Work item: Could you return, exactly as written, every line from the one containing "Beraz, ohiturari jarraituz, igaro" through the last line of the entries below, leaving out the pictures?

Dataset excerpts:
-------------------------

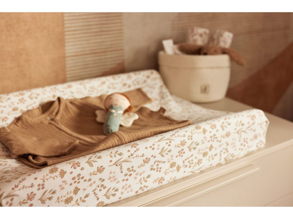 Tento žerzejový potah s krásným potiskem je ideální pro potažení přebalovací podložky o rozměru 70 x 50 cm. Elastický pásek na okrajích zajistí, že potah pevně drží na podložce a neshrnuje se. Měkký 100% bavlněný materiál je příjemný na dotek a zabraňuje tomu, aby podložka chladila dětskou pokožku.
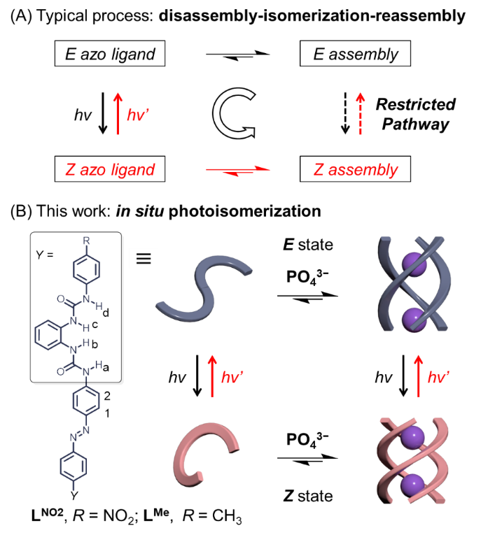 吴彪教授研究团队一直致力于阴离子配位作用相关的基础理论和前沿应用交叉研究,发展了“阴离子配位诱导组装”的新策略,实现了一系列超分子组装结构的精准调控 (Acc. Chem. Res. 2022, 55, 3218-3229)。研究发现,得益于阴离子配位作用的预组织多重氢键网络结构,形成的组装体具有强的结构灵活性和自适应性,能够发生类似于“弹簧”变化的分子运动 (Angew. Chem. Int. Ed. 2021, 60, 9389-9394)。近期,利用偶氮苯骨架的多脲配体与磷酸根离子的配位作用,偶氮苯的顺-反异构化行为能够控制组装结构(四面体笼和三股螺旋体)的可逆变化。在此基础上,为了厘清组装结构对偶氮苯光异构化行为的影响,他们系统研究了三股螺旋体的光异构过程。实验结果表明:偶氮苯光异构化过程中,三股螺旋体发生了“原位”光异构化现象(如图1B所示);这与普遍认知的“解离-光异构化-重组”过程明显不同。
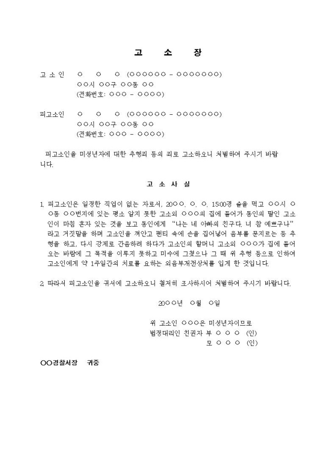 (고소장)미성년자에 대한 추행죄 등 (집안에 혼자 있음을 알고 추행)입니다.
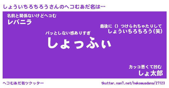 | 欧米人風あだ名 | 『マイケルしょういちろちろう』 |
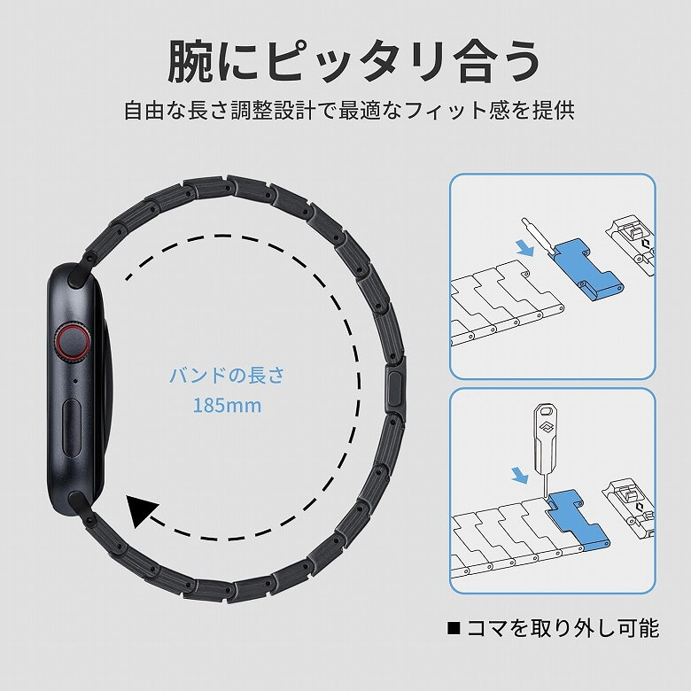 コマの量を増減させ、腕にピッタリ合う長さに調整できます。
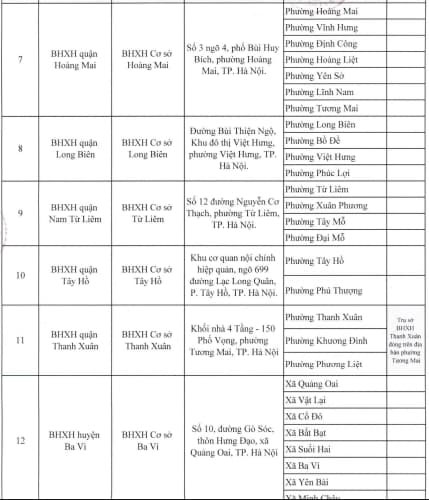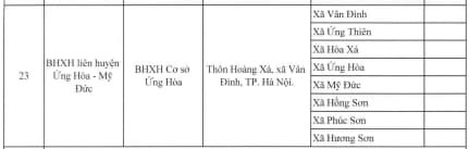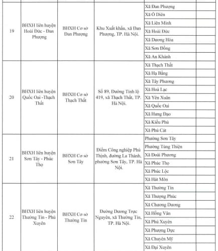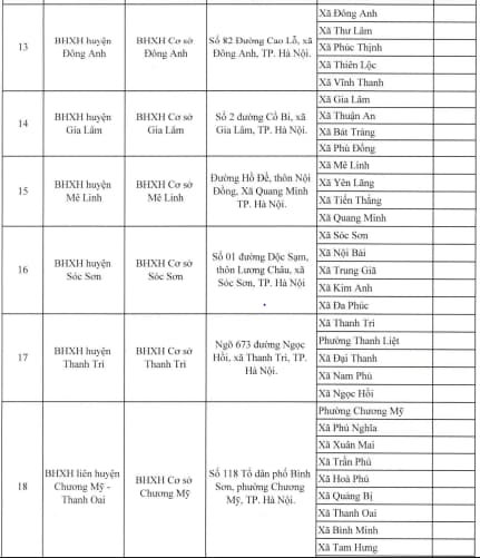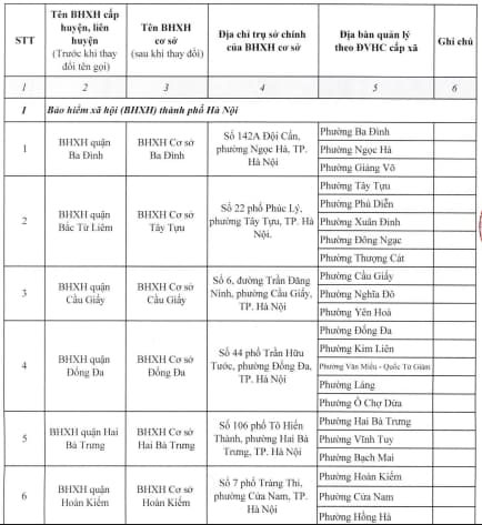 Danh sách 23 BHXH cơ sở tại TP Hà Nội từ 9/7/2025
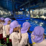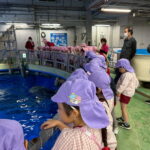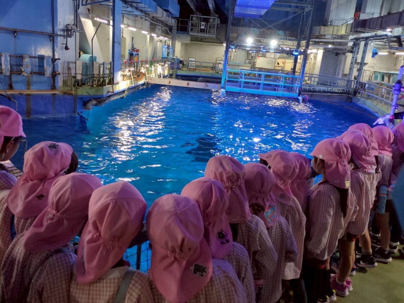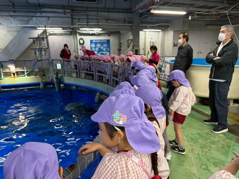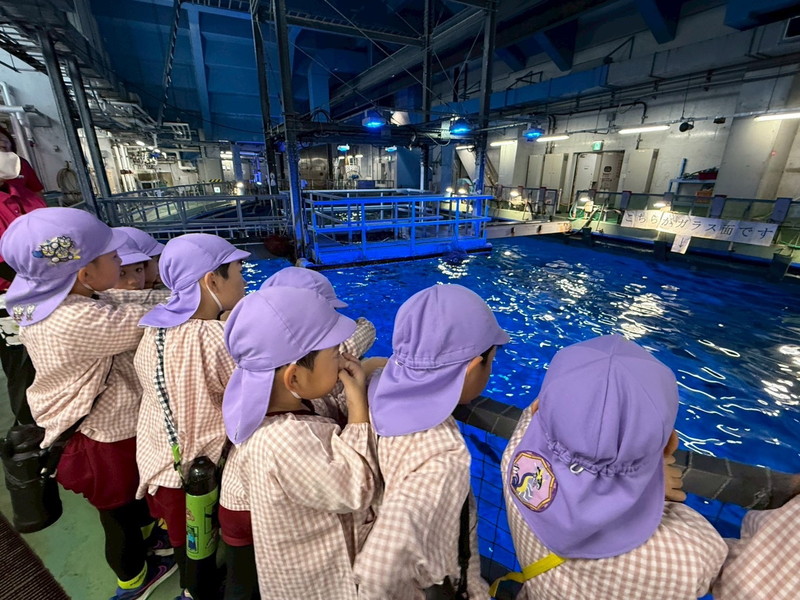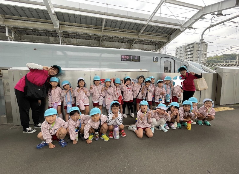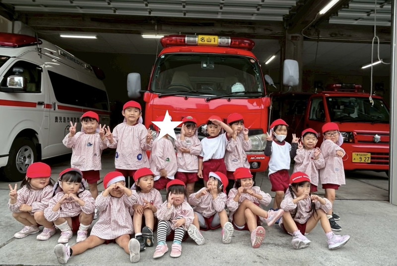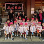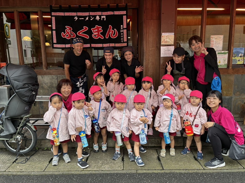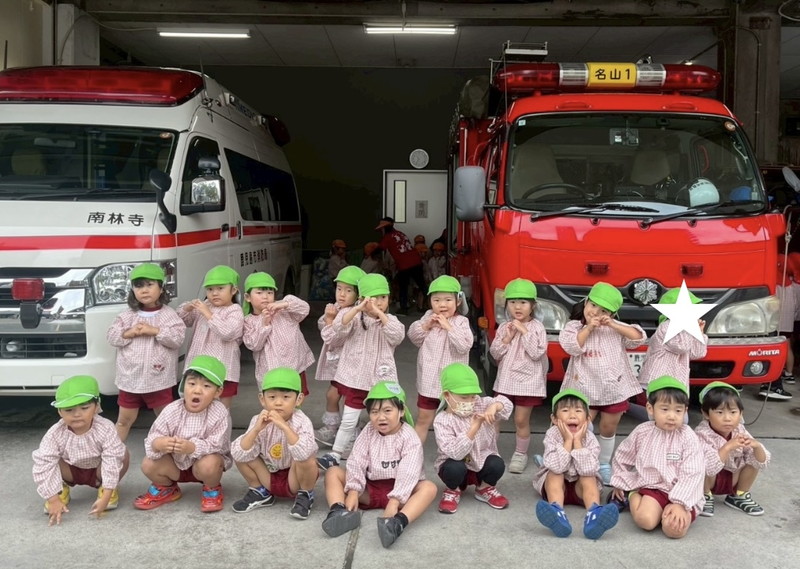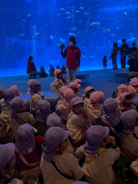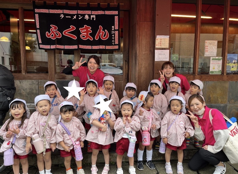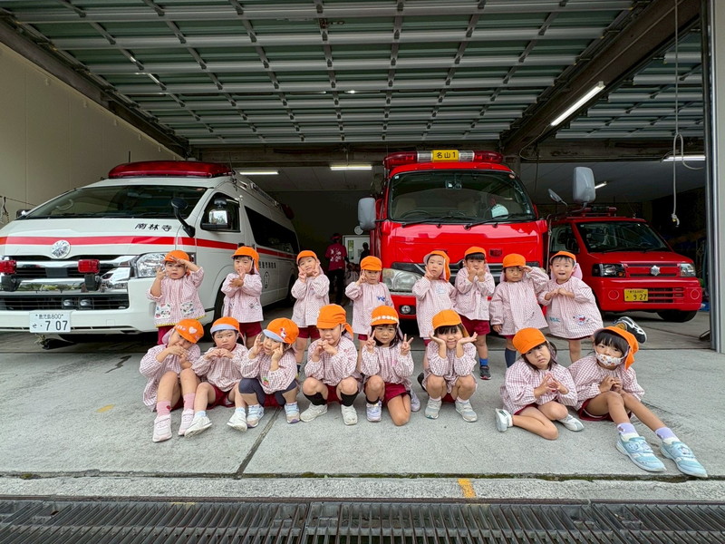 年少少組は天文館にあるラーメン屋さん『ラーメン専門店ふくまん』へ、年少組は消防署南林寺分遣隊へ、年中組はJR九州鹿児島中央駅へ、年長組は鹿児島水族館へでかけ、その場所で働く方々が働く姿を見学させていただき、お仕事についてのお話を聞かせていただきました。
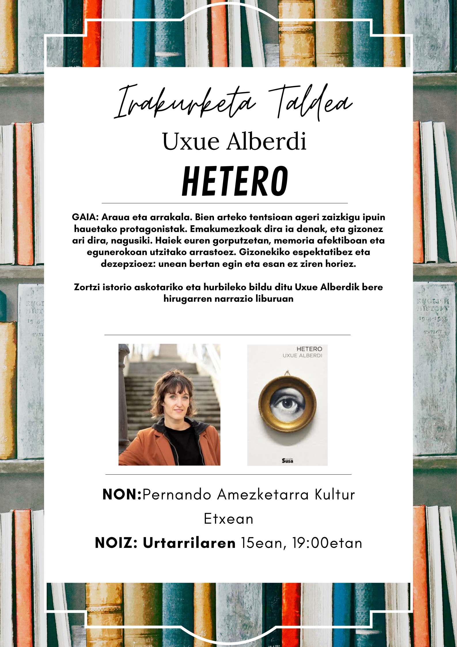 Beraz, ohiturari jarraituz, igaro berri dugun astean hautatu dugu lehen irakurliburua: “HETERO” Uxue Alberdi idazlearena. Hilabete izango dugu irakurtzeko, eta idazlearekin urtarrilaren 15ean bilduko gara Pernando Amezketarra Kultur Etxean, jubilatuen txokoan. Gonbidatuta zaude.
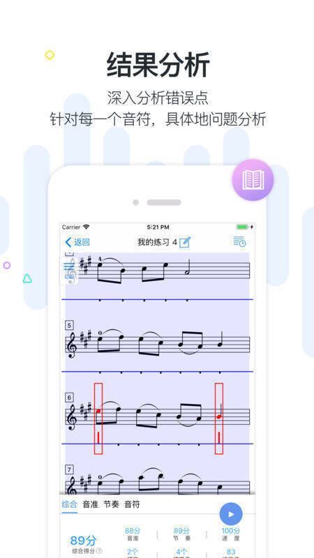 4、多音支持:具备双音多音的跟随、指错功能,能精准指出每个音符的偏差。
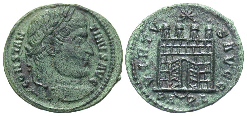 Constantine I. A.D. 307/10-337. Æ 3 (20.5 mm, 2.66 g, 7 h). Arles mint, Struck A.D. 325-326. CONSTANTINVS PF AVG, laureate, draped, and cuirassed bust left / VIRTVS AVGG, campgate with four turrets, one star above, with open doors; PA crescent RL in exergue. RIC 291; LRBC 291. VF, green patina.

-------------------------

Output of the task:
 Beraz, ohiturari jarraituz, igaro berri dugun astean hautatu dugu lehen irakurliburua: “HETERO” Uxue Alberdi idazlearena. Hilabete izango dugu irakurtzeko, eta idazlearekin urtarrilaren 15ean bilduko gara Pernando Amezketarra Kultur Etxean, jubilatuen txokoan. Gonbidatuta zaude.
 4、多音支持:具备双音多音的跟随、指错功能,能精准指出每个音符的偏差。
 Constantine I. A.D. 307/10-337. Æ 3 (20.5 mm, 2.66 g, 7 h). Arles mint, Struck A.D. 325-326. CONSTANTINVS PF AVG, laureate, draped, and cuirassed bust left / VIRTVS AVGG, campgate with four turrets, one star above, with open doors; PA crescent RL in exergue. RIC 291; LRBC 291. VF, green patina.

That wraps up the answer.